Blog Life Sciences Perspectives August 13, 2021

Alere Pays $198.75 Million to Settle False Claims for Allegedly Billing Medicare for Defective POC Devices, Not Charging Copays, and Sending Supplies to Deceased Patients

Alere Inc. and Alere San Diego Inc. (collectively “Alere”) have come under fire recently by the U.S. Department of Justice (“DOJ”) and other government agencies, agreeing to settle several rounds of accusations of False Claims Act violations for a total of $198.75 million.

The first series of settlements was announced by DOJ on July 8, 2021 and cost the company approximately $38.75 million in fines and penalties. Here, the medical device manufacturer was alleged to have billed Medicare for rapid point-of-care testing devices that Alere knew were defective.  More specifically, the government alleged that the INRatio blood coagulation monitors (manufactured by Alere) were defective.  The monitors were used by Medicare beneficiaries taking anticoagulant drugs to monitor their blood coagulation.
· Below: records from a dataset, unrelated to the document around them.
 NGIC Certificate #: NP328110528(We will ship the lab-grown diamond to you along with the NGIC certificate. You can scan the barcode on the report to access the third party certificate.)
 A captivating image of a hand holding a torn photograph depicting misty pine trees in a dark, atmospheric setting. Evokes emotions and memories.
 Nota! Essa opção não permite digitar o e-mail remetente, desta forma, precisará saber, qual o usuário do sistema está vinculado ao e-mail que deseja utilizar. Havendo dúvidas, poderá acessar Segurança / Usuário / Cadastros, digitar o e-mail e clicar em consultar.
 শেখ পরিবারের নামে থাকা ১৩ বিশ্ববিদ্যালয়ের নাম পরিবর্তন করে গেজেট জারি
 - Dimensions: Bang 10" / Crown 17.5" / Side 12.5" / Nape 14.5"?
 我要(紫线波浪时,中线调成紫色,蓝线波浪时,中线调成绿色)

Anticoagulants drugs can cause major bleeding when used in access or blood clots and strokes can develop when not enough medication is taken. DOJ alleged that Alere concealed the fact that the device was producing inaccurate results for some patients, resulting in several deaths and hundreds of injured beneficiaries. This practice was ongoing for a total of eight years, according to DOJ.
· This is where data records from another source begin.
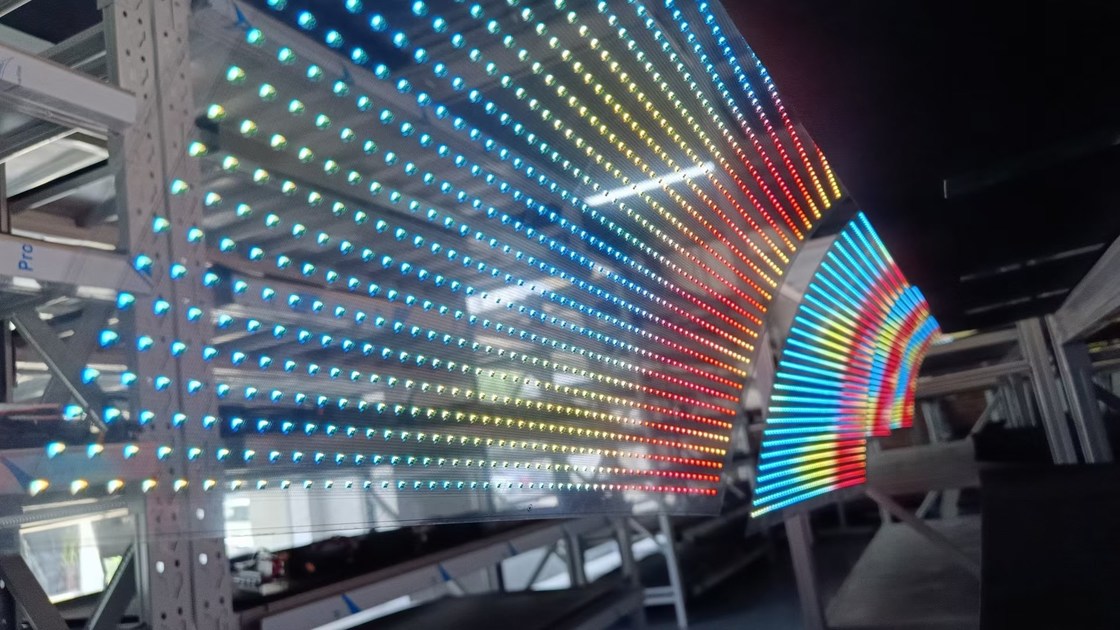 เมื่อไฟ LED เปิด, มันแสดงเนื้อหา, กราฟฟิก, หรือวิดีโอ, ให้สื่อการโฆษณาหรือข้อมูลในขณะที่ยังคงรักษาความโปร่งใสระดับหนึ่ง.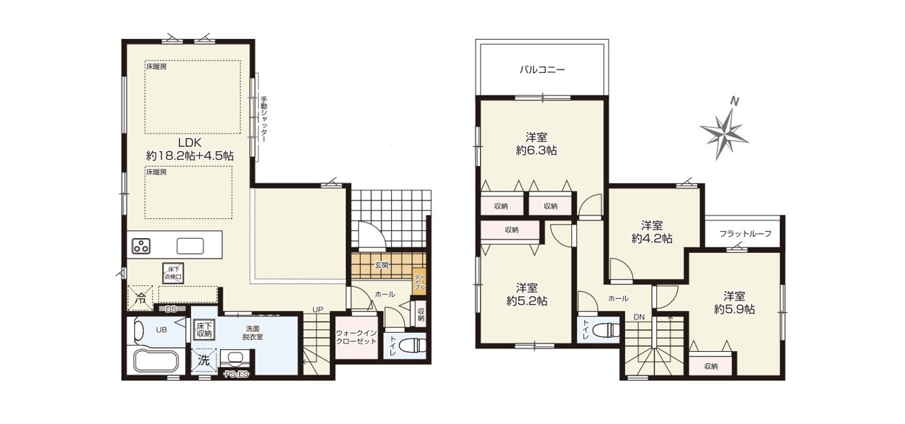 | 間取 | 4LDK (LDK22.7帖、洋室6.3帖、洋室5.9帖、洋室5.2帖、洋室4.2帖) | ||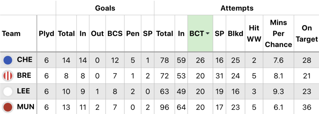 Chelsea are top for xG over the last six matches, with only a slight drop-off in actual goals scored.

One month after this first massive settlement was announced, the DOJ announced an even more sizable settlement with Alere Inc.’s subsidiary, Arriva Medical (“Arriva”), a diabetes testing equipment supplier, totaling an additional $160 million to settle false claims related to an alleged kickback scheme. The DOJ purported that, from April 2010 through December 2016 – immediately prior to Abbott’s $5.3 billion acquisition of Alere in 2017 – Arriva (1) regularly waived and failed to collect Medicare beneficiaries’ cost-sharing amounts (i.e. copays); (2) sent glucose meters at no cost to patients; and (3) sent diabetic testing equipment to deceased patients.
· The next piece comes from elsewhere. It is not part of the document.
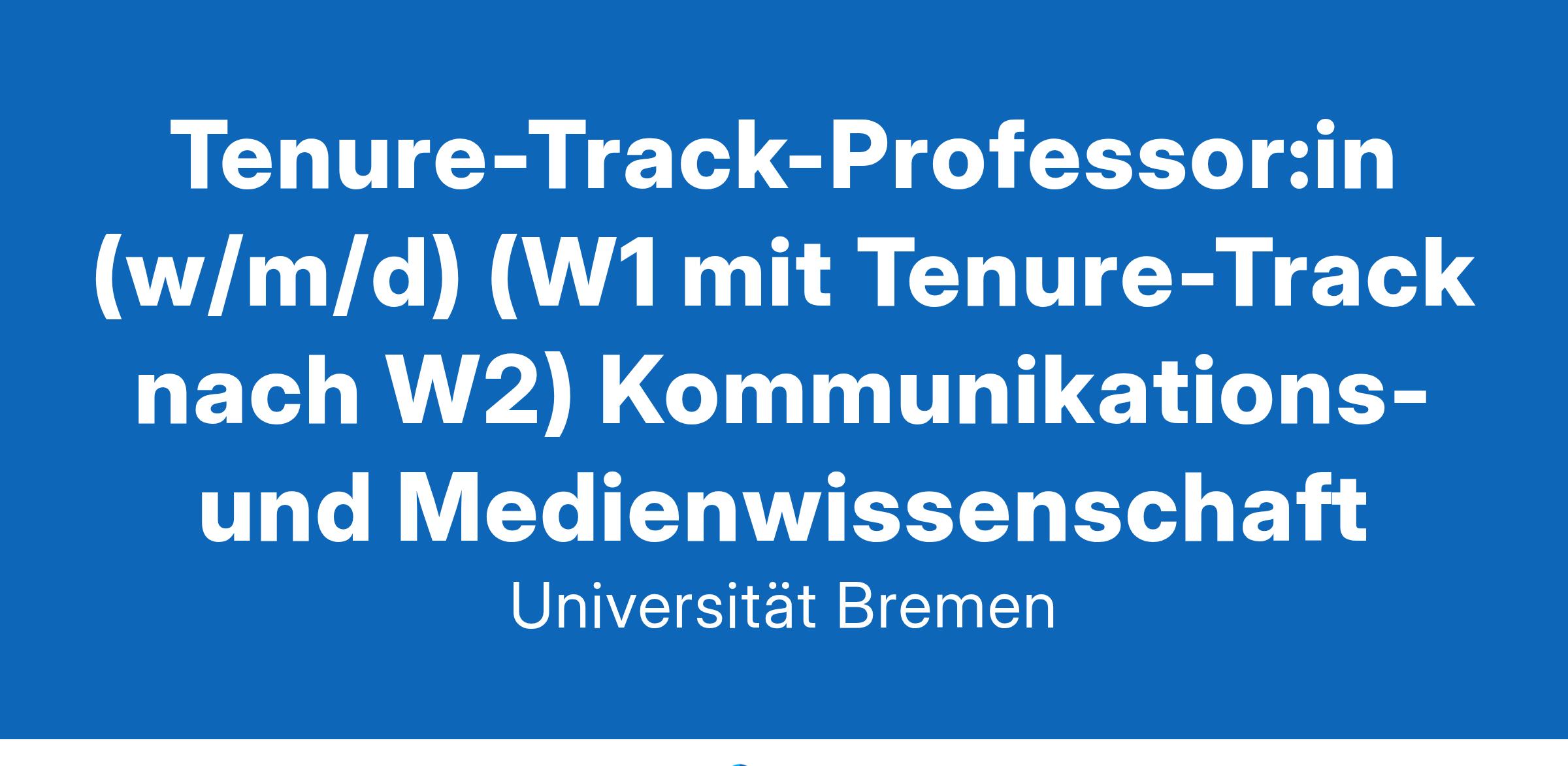 Zu den Lehraufgaben der Professur gehört die Mitwirkung an den Bachelor- und Master-Studiengängen der Kommunikations- und Medienwissenschaft gemäß der Lehrverpflichtungs- und Lehrnachweisverordnung (LVNV) der Universität Bremen. Die Bereitschaft, Veranstaltungen in deutscher und in englischer Sprache anzubieten, wird erwartet; hierfür fehlende Kenntnisse in einer der Sprachen sollen nach drei Jahren vorliegen, wobei die Universität dabei unterstützt. Wünschenswert ist ferner die Beteiligung am Konzept des »Forschenden Lernens«, der Einsatz mediengestützter Lernformen sowie die Bereitschaft zu hochschuldidaktischer Weiterbildung.

Medical device makers, durable medical equipment suppliers, and Medicare providers of all sorts should take heed of these recent settlements and implement regular third party compliance and billing audits as part of their Compliance Program to help ensure that practices are aligned with government expectations and rules. In addition, companies acquiring, merging with, or investing in healthcare entities should incorporate complete third party billing and compliance testing as part of their due diligence in connection with these types of transactions to identify billing-related risks.